(SUPPLIED RECORDS Opens)
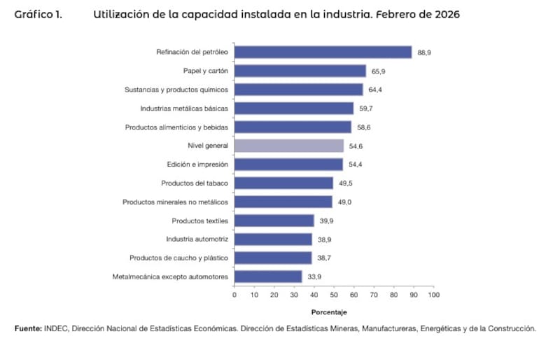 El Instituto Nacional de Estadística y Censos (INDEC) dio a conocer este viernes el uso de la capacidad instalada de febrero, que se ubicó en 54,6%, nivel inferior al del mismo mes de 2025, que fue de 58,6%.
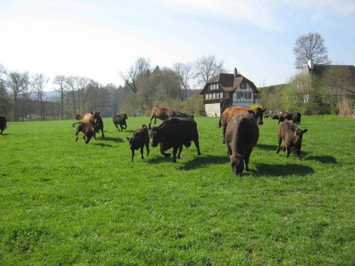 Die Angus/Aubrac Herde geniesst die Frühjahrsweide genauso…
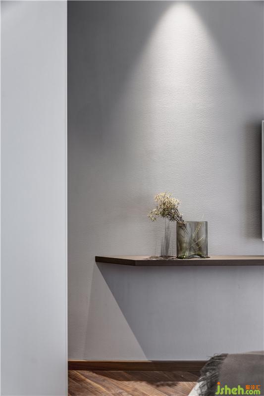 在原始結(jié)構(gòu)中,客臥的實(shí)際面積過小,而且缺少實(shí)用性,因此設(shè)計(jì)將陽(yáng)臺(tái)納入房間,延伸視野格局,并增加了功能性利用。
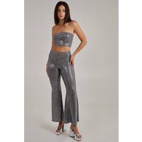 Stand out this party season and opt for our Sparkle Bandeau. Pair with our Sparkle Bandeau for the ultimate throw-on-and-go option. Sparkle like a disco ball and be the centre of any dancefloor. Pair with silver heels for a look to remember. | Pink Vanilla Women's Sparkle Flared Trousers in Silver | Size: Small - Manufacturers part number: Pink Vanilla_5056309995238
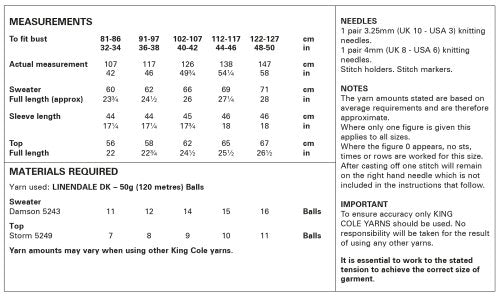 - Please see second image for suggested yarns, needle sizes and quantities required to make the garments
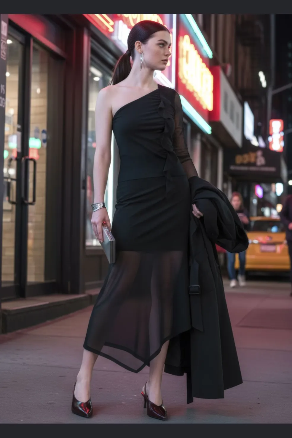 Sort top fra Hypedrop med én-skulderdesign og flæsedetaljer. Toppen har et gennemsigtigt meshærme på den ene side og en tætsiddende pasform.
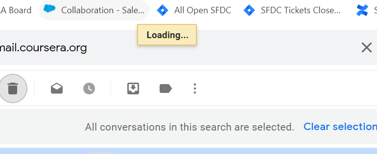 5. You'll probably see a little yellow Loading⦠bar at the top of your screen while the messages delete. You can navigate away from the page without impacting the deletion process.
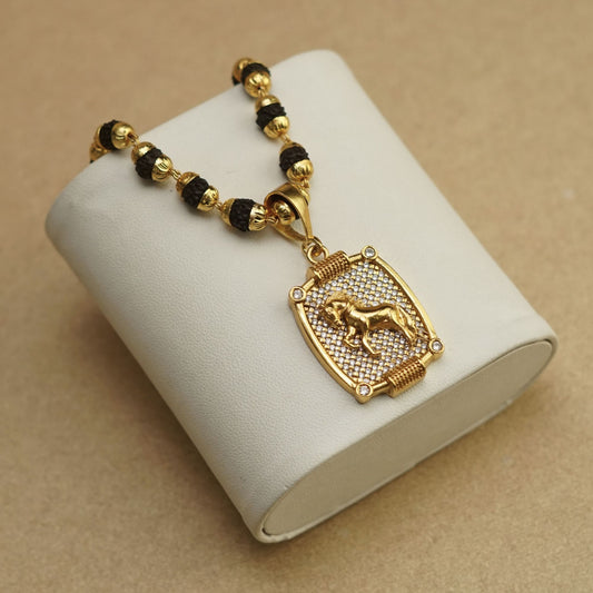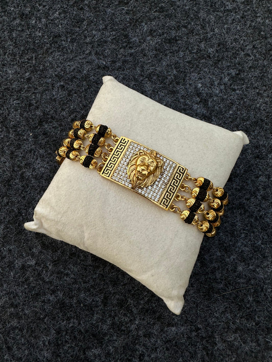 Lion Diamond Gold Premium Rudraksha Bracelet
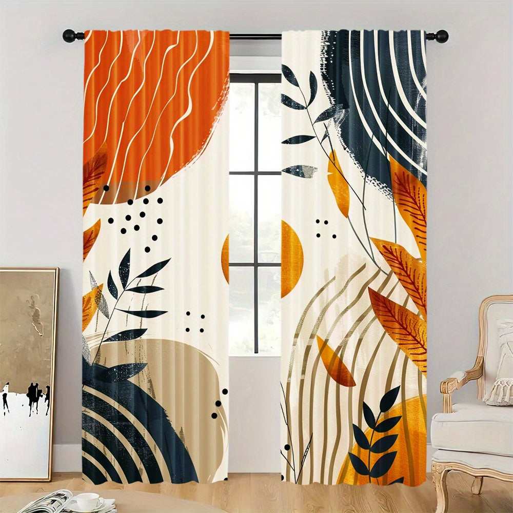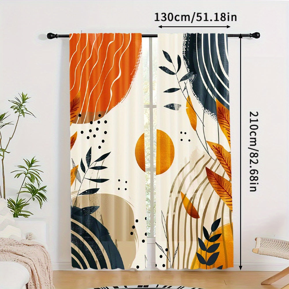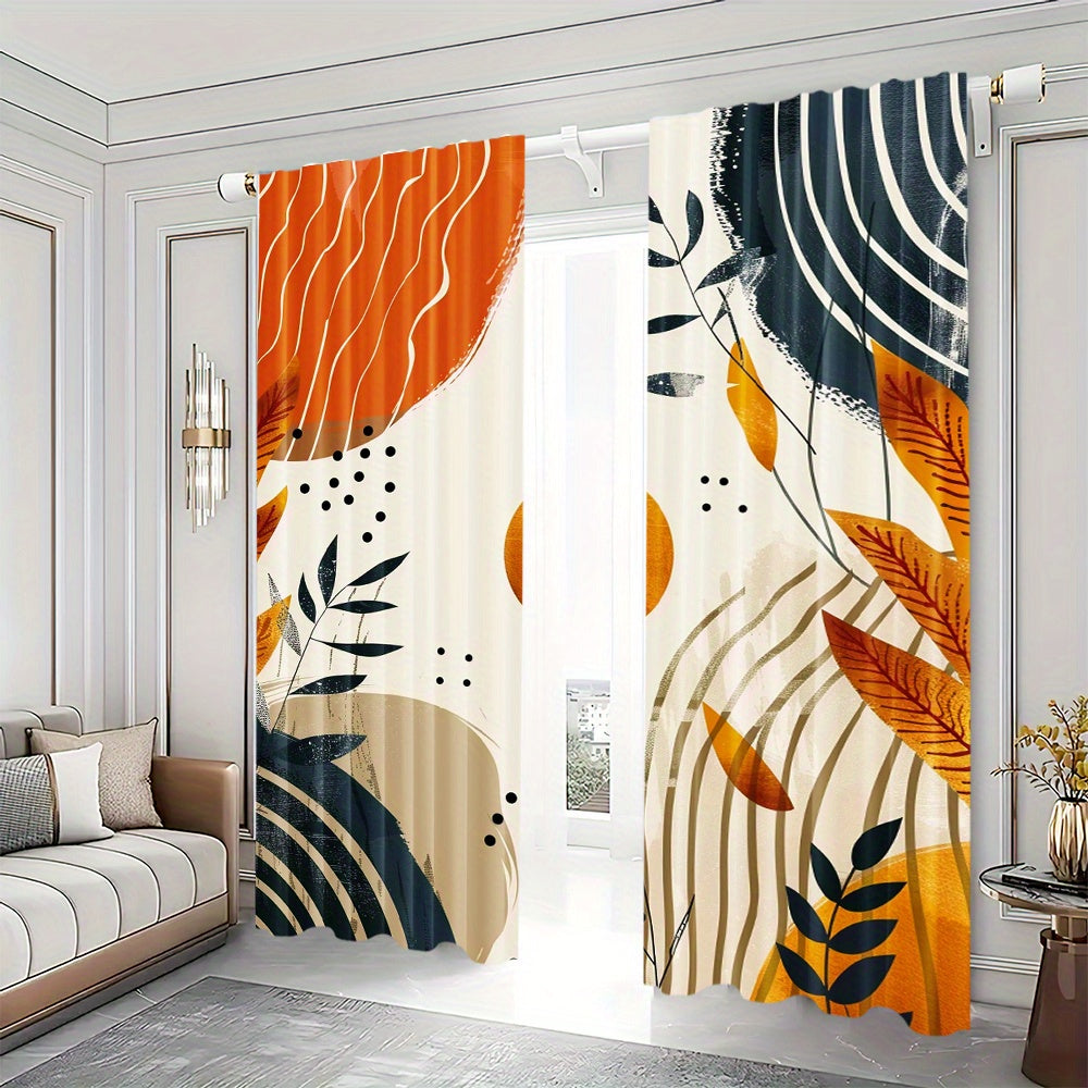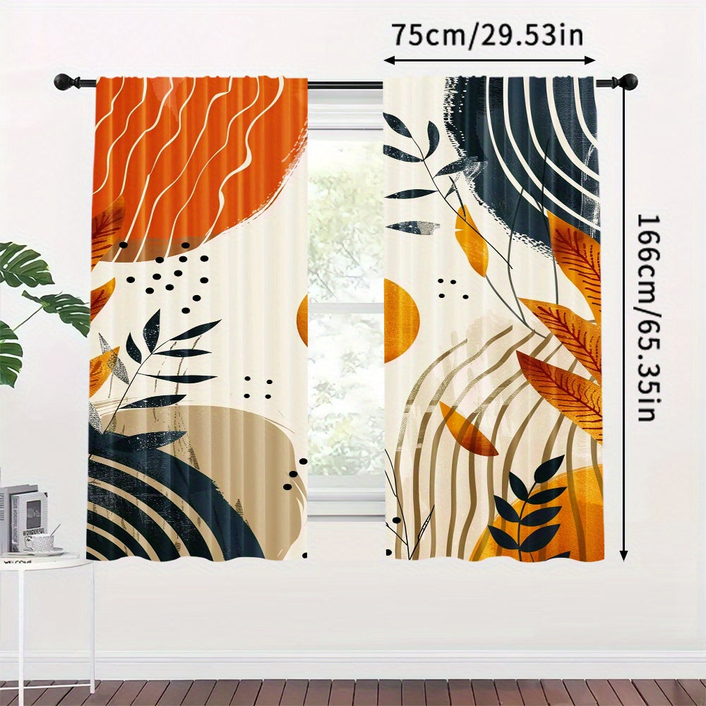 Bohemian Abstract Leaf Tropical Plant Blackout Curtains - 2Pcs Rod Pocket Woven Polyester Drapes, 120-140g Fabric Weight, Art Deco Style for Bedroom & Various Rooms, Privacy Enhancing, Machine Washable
(SUPPLIED RECORDS Closes)
(SUPPLIED RECORDS Opens)
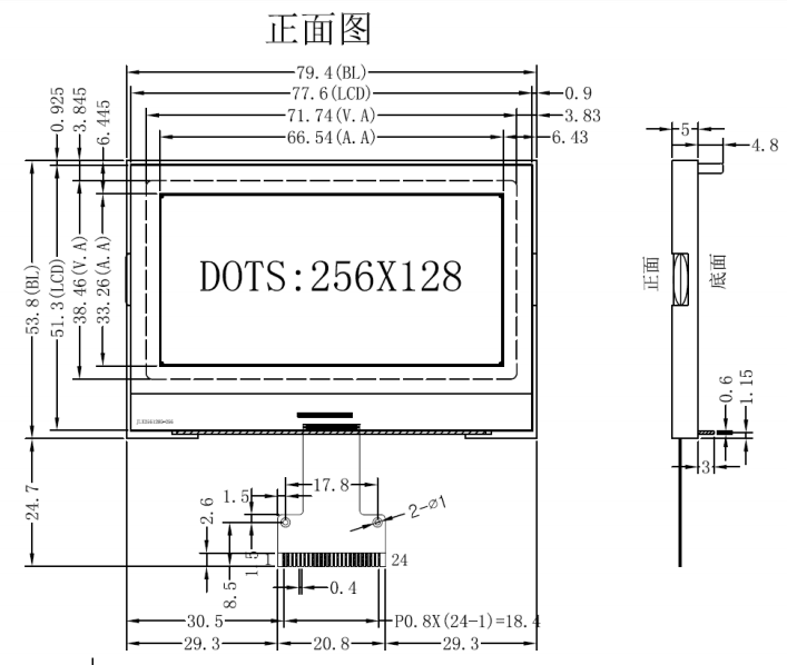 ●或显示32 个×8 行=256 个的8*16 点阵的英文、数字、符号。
(SUPPLIED RECORDS Closes)
(SUPPLIED RECORDS Opens)
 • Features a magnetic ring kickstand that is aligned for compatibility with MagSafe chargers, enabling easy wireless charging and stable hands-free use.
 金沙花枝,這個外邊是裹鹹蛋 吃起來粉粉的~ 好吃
(SUPPLIED RECORDS Closes)
With the pictures omitted, print the lines above exactly, beginning at the line with "在原始結(jié)構(gòu" and going on through the line with "Bohemian Abstract Leaf".

 在原始結(jié)構(gòu)中,客臥的實(shí)際面積過小,而且缺少實(shí)用性,因此設(shè)計(jì)將陽(yáng)臺(tái)納入房間,延伸視野格局,并增加了功能性利用。
 Stand out this party season and opt for our Sparkle Bandeau. Pair with our Sparkle Bandeau for the ultimate throw-on-and-go option. Sparkle like a disco ball and be the centre of any dancefloor. Pair with silver heels for a look to remember. | Pink Vanilla Women's Sparkle Flared Trousers in Silver | Size: Small - Manufacturers part number: Pink Vanilla_5056309995238
 - Please see second image for suggested yarns, needle sizes and quantities required to make the garments
 Sort top fra Hypedrop med én-skulderdesign og flæsedetaljer. Toppen har et gennemsigtigt meshærme på den ene side og en tætsiddende pasform.
 5. You'll probably see a little yellow Loading⦠bar at the top of your screen while the messages delete. You can navigate away from the page without impacting the deletion process.
 Lion Diamond Gold Premium Rudraksha Bracelet
 Bohemian Abstract Leaf Tropical Plant Blackout Curtains - 2Pcs Rod Pocket Woven Polyester Drapes, 120-140g Fabric Weight, Art Deco Style for Bedroom & Various Rooms, Privacy Enhancing, Machine Washable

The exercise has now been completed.